The transition of economic systems to new business conditions related to the development of the digital economy has made it urgent to develop and introduce new approaches to the management of modernization of industrial facilities into scientific and practical activities. The article aims to systematize the critical trends of Industry 4.0 in the Russian economy and designate further trajectories of its development. The article identifies groups of crucial characteristics of enterprises of Industry 4.0: tangible and intangible resources, organizational structure, information systems, organization culture. For each group, business processes' specificity is structured concerning such functional areas as development, production, logistics, maintenance, marketing, and sales. The trends of digital transformations for macro and mesoscale economies are described. The study made it possible to systematize the structural components of Industry 4.0 by blocks: material and non-material resources, information system, organizational structure, organizational culture; of which the latter is decisive in the direction of development of other components. It was found that cooperative ties in the implementation of technological innovations, as the basis for the formation of open business models and open innovations, are not considered as a significant factor of innovative activity in industry and, accordingly, are weakly expressed Based on the analysis, the possible directions of changes in economic systems' digitalization to increase their efficiency and adaptability are identified.

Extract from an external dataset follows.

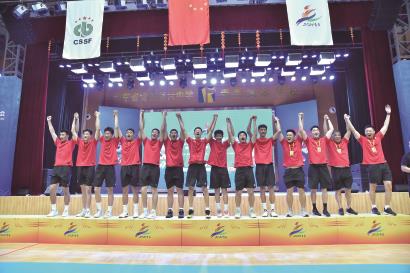 在小组赛第三场就遭遇劲敌东道主山东队,在强大的山东队和山东的球迷呐喊声中,顶住压力,不畏强敌。淘汰赛开始后,我们的排球队教练组和运动员在每场比赛前反复观看对手录像,及时排兵布阵,从而在比赛中充分发挥长处;其间,自由防守队员张明翔为了救一个球,人扑出广告牌,这种每球必争的精神鼓舞着队员们努力拼搏。

Keywords: Business processdigital economyeconomic systemindustry 40micro and mesoscale management
One of the large-scale and in-depth studies of Industry 4.0 is the acatech project of the National Academy of Sciences and Technology of Germany, which systematizes the results of studying the industrial value chain to determine the current level of readiness of industrial enterprises and national economies in general for the fourth industrial revolution, as well as identify strategic trajectories subsequent innovative development and digital transformation. According to the reports of the expert group, at the micro-level of management, the specifics of the implementation of Industry 4.0 is determined, first of all, by the organizational structure formed by four structural areas: material and intangible resources, information systems, organizational structure and organizational culture, each of which has its own stage of maturity of Industry 4.0. Noteworthy is the fact that in the acatech research methodology, significant importance in the transition to Industry 4.0 is paid to the change in corporate culture.

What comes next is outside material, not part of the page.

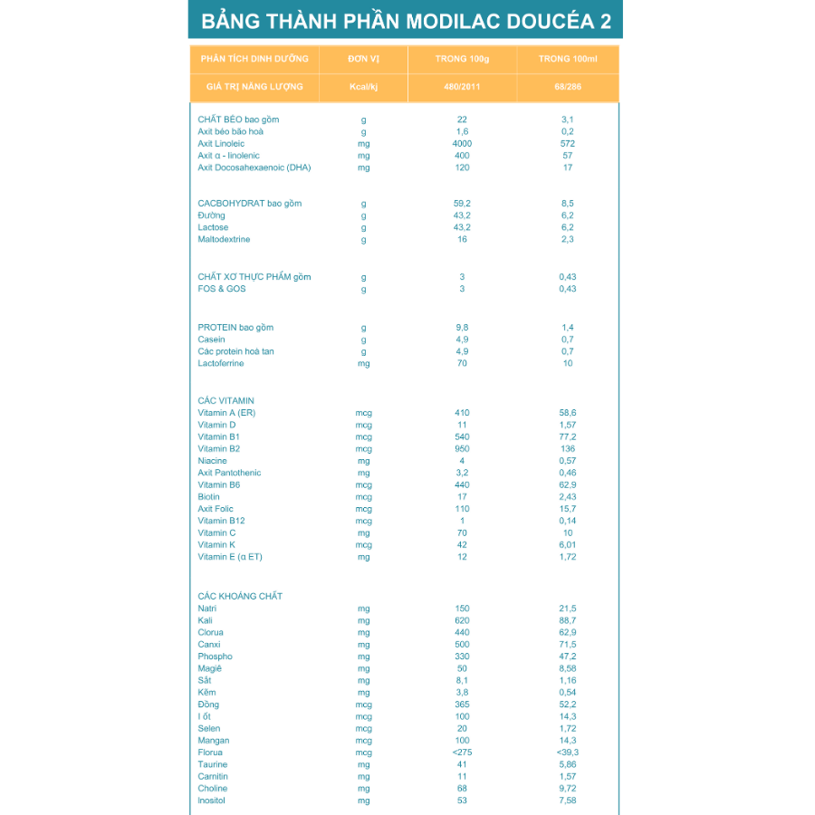 Sữa mẹ là thức ăn tốt nhất cho sức khỏe và sự phát triển toàn diện của trẻ sơ sinh và trẻ nhỏ.   Sữa bột cao cấp Modilac Doucéa số 2 dành cho trẻ từ 6 - 12 tháng tuổi được nhập khẩu nguyên hộp từ Pháp   MODILAC SỮA NỘI ĐỊA PHÁP - 9 ĐIỂM VÀNG CHẤT LƯỢNG CHO BÉ!   • Modilac cực kì dễ uống với vị sữa thanh nhạt, mùi thơm nhẹ, bé dễ dàng thích nghi khi chuyển từ sữa mẹ qua sữa công thức, hay đổi từ sữa công thức này qua sữa công thức khác • Sữa giúp bé tăng cân, tăng đề kháng, tăng ghi nhớ nhờ các dưỡng chất đắt đỏ: Lactoferrin, Bifidobacterium, Protein, DHA/ARA... • Sữa giúp bé giảm biếng ăn, giảm ốm vặt, giảm trằn trọc khó ngủ nhờ hệ dưỡng chất toàn diện, cung cấp năng lượng theo nhu cầu của cơ thể phù hợp với lứa tuổi   6 YÊN TÂM KHI MẸ CHỌN MODILAC SỮA NỘI ĐỊA PHÁP  • Modilac là dòng sữa nội địa cao cấp tại Pháp. • Là một trong ít nhãn sữa có viện nghiên cứu riêng. • Mỗi lon sữa Modilac Doucéa đều trải qua hơn 40 năm cải tiến không ngừng, phù hợp với sự phát triển của bé. • Trải qua hơn 800 lần xét nghiệm, hơn 200 lượt kiểm tra trước khi đưa ra thị trường. • Là dòng sữa công thức sản xuất bởi tập đoàn Savencia với hơn 60 xây dựng và phát triển. • Tại Việt Nam, Modilac Doucéa được phân phối bởi tập đoàn DETECH với lịch sử phát triển hơn 30 năm cùng đội ngũ nhân sự hàng nghìn người!   HƯỚNG DẪN SỬ DỤNG Lưu ý: Xuất xứ: Pháp Hạn sử dụng: 24 tháng Bảo quản sữa bột Modilac ở nơi thoáng mát, khô ráo trước và sau khi mở. Sau khi mở, đóng nắp thật chặt. Sử dụng trong vòng 1 tháng kể từ lần mở hộp đầu tiên.

However, the problem of the culture of managing industry 4.0, according to the acatech experts, with which we fully agree, is dominant and decisive in the formation of the trajectories of the new industrial revolution and the transition to the technological structure of the next generation. We believe that open communication, open innovation, “turquoise” organizations are the “basis” for the rest of the structural areas of Industry 4.0, which can be characterized as a “superstructure”. It is the characteristics of the organizational culture, fixed in the form of formal and informal institutions, that will determine the specifics of material and intangible resources, information systems and organizational structure, which ultimately affects the efficiency of the industrial value chain.
Industry 4.0 is a determining factor in the economic development of national economies and predetermines the trajectory of their competitiveness. In this regard, the issues of determining the key factors of Industry 4.0 become of paramount importance. We believe that the task here is reduced to the systematization of the main factors of digital transformations, taking into account their dynamics for the economic system as a whole, as well as for the meso-level of management. This technique will be tested by us on the example of the Russian economic system.

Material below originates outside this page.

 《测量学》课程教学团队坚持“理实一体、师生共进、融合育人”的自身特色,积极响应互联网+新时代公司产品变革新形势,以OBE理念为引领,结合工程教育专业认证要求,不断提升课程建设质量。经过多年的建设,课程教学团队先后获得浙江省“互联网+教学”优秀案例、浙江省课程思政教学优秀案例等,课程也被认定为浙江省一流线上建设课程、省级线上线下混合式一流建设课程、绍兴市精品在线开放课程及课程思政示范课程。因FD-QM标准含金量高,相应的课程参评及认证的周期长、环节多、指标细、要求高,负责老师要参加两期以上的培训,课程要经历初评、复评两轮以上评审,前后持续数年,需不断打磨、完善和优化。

The problems of the development of Industry 4.0 are widely reflected in the works of many researchers: security and privacy in industry 4.0 (Alcaraz et al., 2020); safety digitalization (Savon et al., 2019); machine diagnostic methods applicability in the perspective of industry 4.0 (Asad et al., 2018); business intelligence (Bordeleau et al., 2019); national and regional comparative advantages in key enabling technologies (Ciffolilli & Muscio, 2018); model compression for IoT applications (Fu et al., 2020); prospects of using virtual technologies in modern corporate business systems (Klochko & Brizhak, 2019); modeling the management system of open innovation in E-economy (Kudryavtseva et al., 2018); Big Data approach (Kumar et al., 2018); digital supply chain model (Lizette Garay-Rondero et al., 2019); digitization and industry 4.0 optimization potential (Wirth & Klein, 2018); deep learning model in industry 4.0 (Ma et al., 2020); data science challenges (Piccialli et al., 2020); modelling of energy efficiency factors of petrochemical industry (Shinkevich et al., 2020); smart job shop under industry 4.0 (Wang et al., 2020); the impacts of industry 4.0 (Zheng et al., 2019) and ext.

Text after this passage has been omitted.